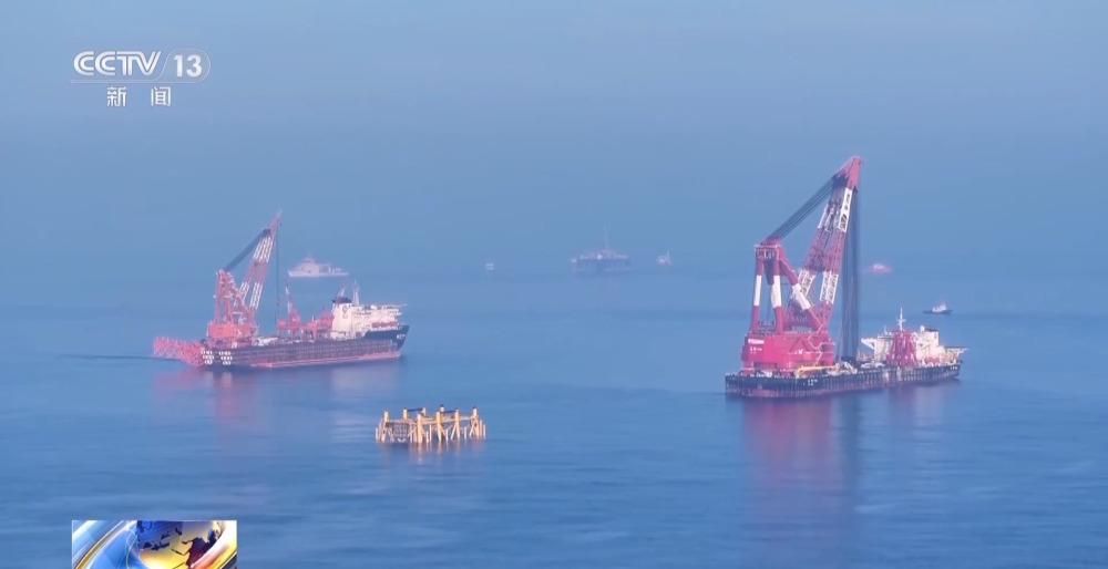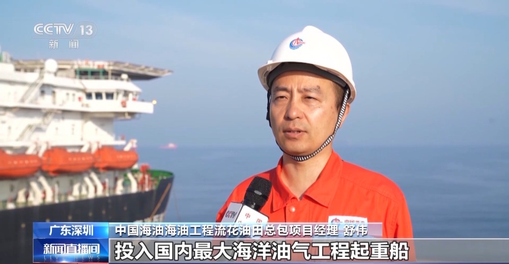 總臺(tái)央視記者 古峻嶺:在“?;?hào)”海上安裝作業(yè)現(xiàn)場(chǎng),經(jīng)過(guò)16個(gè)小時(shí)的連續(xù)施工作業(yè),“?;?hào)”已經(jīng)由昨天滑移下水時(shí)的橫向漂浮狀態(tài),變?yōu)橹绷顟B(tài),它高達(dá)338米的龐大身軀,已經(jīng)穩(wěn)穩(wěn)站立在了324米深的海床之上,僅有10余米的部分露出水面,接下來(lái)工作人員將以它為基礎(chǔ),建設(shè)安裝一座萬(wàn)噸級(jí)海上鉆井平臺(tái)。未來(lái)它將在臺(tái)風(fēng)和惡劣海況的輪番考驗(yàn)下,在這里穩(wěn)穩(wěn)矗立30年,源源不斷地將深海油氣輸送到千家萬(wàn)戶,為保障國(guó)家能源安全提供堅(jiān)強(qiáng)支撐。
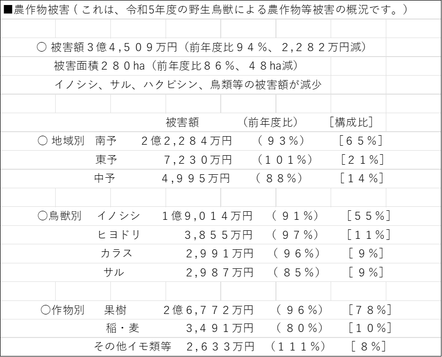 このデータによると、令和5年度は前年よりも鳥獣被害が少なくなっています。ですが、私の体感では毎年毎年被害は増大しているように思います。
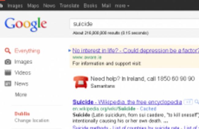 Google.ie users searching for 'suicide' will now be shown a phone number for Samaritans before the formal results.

BRIEF - Your copy should hold exactly the lines from the line containing "このデータによると、令和5年" through the last line of the listing above, both included, and no pictures.

RESPONSE TO THIS EXERCISE -
 このデータによると、令和5年度は前年よりも鳥獣被害が少なくなっています。ですが、私の体感では毎年毎年被害は増大しているように思います。
 Google.ie users searching for 'suicide' will now be shown a phone number for Samaritans before the formal results.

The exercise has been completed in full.